(Work required): Give the data again exactly as written, skipping any pictures.

(Supplied data):
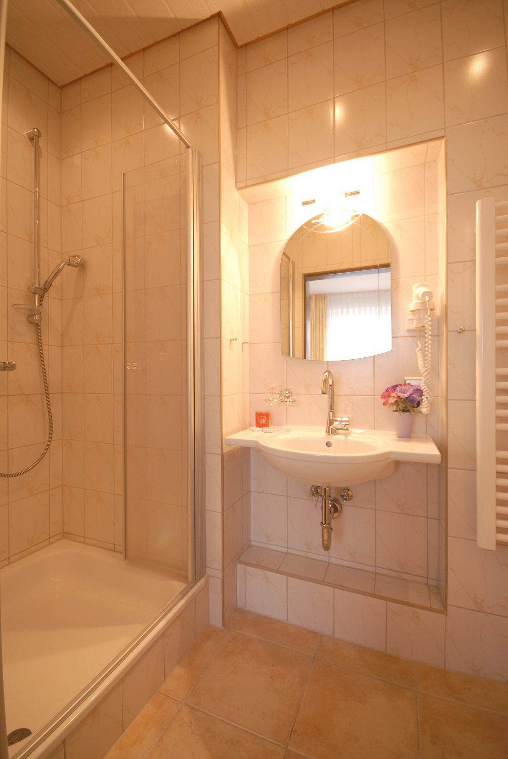 Der Einstieg zur Dusche ist nur was fûr sportler,das Badezimmer ist in die Jahre gekommen
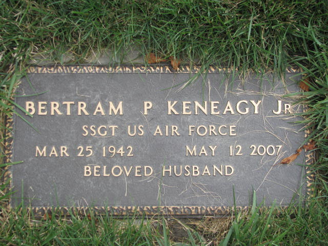 Bertram Parke Keneagy, Jr. 65, of Reynoldsburg, Saturday, May 12, 2007 at home. Veteran of US Air Force; retired from Byers Imports. Preceded in death by father Bertram Parke Keneagy, Sr. Survived by wife Sharon Keneagy; sons Kevin James Keneagy and Brent Michael Keneagy (Marcie Radell); mother Esther Keneagy; constant companion Maxwell; brothers Ethan and Laine Keneagy; sisters Beulah Sheaffer, Fernande Buzzard, Denise King, Karen Eby, and Anita Wiggins; sister-in-law Carolyn Fenneman; many nieces and nephews. Family will receive friends Tuesday 6 – 8 p.m. at Cotner Funeral Home, 7369 E. Main St., Reynoldsburg. Private burial at Glen Rest Memorial Estate. In lieu of flowers, contributions may be made to American Society for the Prevention of Cruelty to Animals (ASPCA) 424 E. 92nd St New York, NY 10128-6804 or online at www.aspcs.org. Messages may be sent to the family at www.cotnerfuneralhome.1,2 He was buried on 17 May 2007 at Glen Rest Memorial Estate, Reynoldsburg, Ohio.1 His funeral was held at Cotner Funeral Home, 7369 E. Main St., Reynoldsburg, Ohio, on 17 May 2007 Contributions may be made to ASPCA, 424 E. 92nd St, NY, NY. 10128-6804 or online at www.aspcs.org. Messages may be sent to family at www.cotnerfuneralhome.com.3 Bertram Park Keneagy Jr. Find-a-Grave.com ID # 132521648.
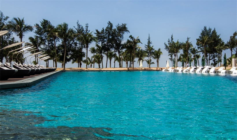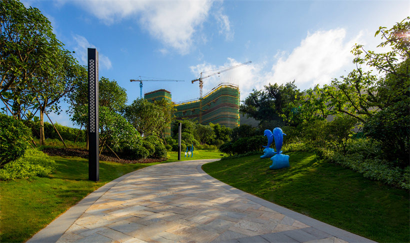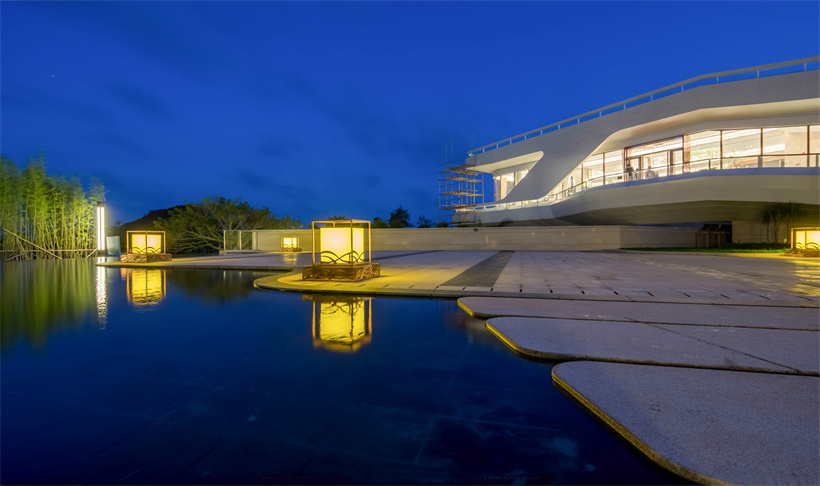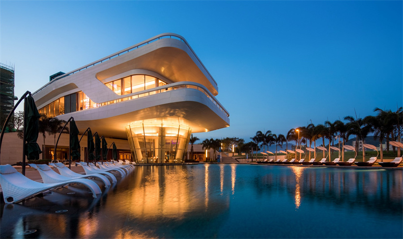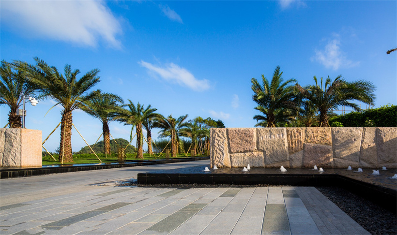 保利順峰·北洛秘境是保利集團(tuán)與順峰集團(tuán)合作的高端旅游度假項目。大塊異形自然面石材鋪貼的入口景墻、跌級水景及列植銀海棗,儀式感頓生;開敞的休閑平臺被大幅鏡面跌水景觀所環(huán)繞,簡約、高雅。

(Task result):
 Der Einstieg zur Dusche ist nur was fûr sportler,das Badezimmer ist in die Jahre gekommen
 Bertram Parke Keneagy, Jr. 65, of Reynoldsburg, Saturday, May 12, 2007 at home. Veteran of US Air Force; retired from Byers Imports. Preceded in death by father Bertram Parke Keneagy, Sr. Survived by wife Sharon Keneagy; sons Kevin James Keneagy and Brent Michael Keneagy (Marcie Radell); mother Esther Keneagy; constant companion Maxwell; brothers Ethan and Laine Keneagy; sisters Beulah Sheaffer, Fernande Buzzard, Denise King, Karen Eby, and Anita Wiggins; sister-in-law Carolyn Fenneman; many nieces and nephews. Family will receive friends Tuesday 6 – 8 p.m. at Cotner Funeral Home, 7369 E. Main St., Reynoldsburg. Private burial at Glen Rest Memorial Estate. In lieu of flowers, contributions may be made to American Society for the Prevention of Cruelty to Animals (ASPCA) 424 E. 92nd St New York, NY 10128-6804 or online at www.aspcs.org. Messages may be sent to the family at www.cotnerfuneralhome.1,2 He was buried on 17 May 2007 at Glen Rest Memorial Estate, Reynoldsburg, Ohio.1 His funeral was held at Cotner Funeral Home, 7369 E. Main St., Reynoldsburg, Ohio, on 17 May 2007 Contributions may be made to ASPCA, 424 E. 92nd St, NY, NY. 10128-6804 or online at www.aspcs.org. Messages may be sent to family at www.cotnerfuneralhome.com.3 Bertram Park Keneagy Jr. Find-a-Grave.com ID # 132521648.
 保利順峰·北洛秘境是保利集團(tuán)與順峰集團(tuán)合作的高端旅游度假項目。大塊異形自然面石材鋪貼的入口景墻、跌級水景及列植銀海棗,儀式感頓生;開敞的休閑平臺被大幅鏡面跌水景觀所環(huán)繞,簡約、高雅。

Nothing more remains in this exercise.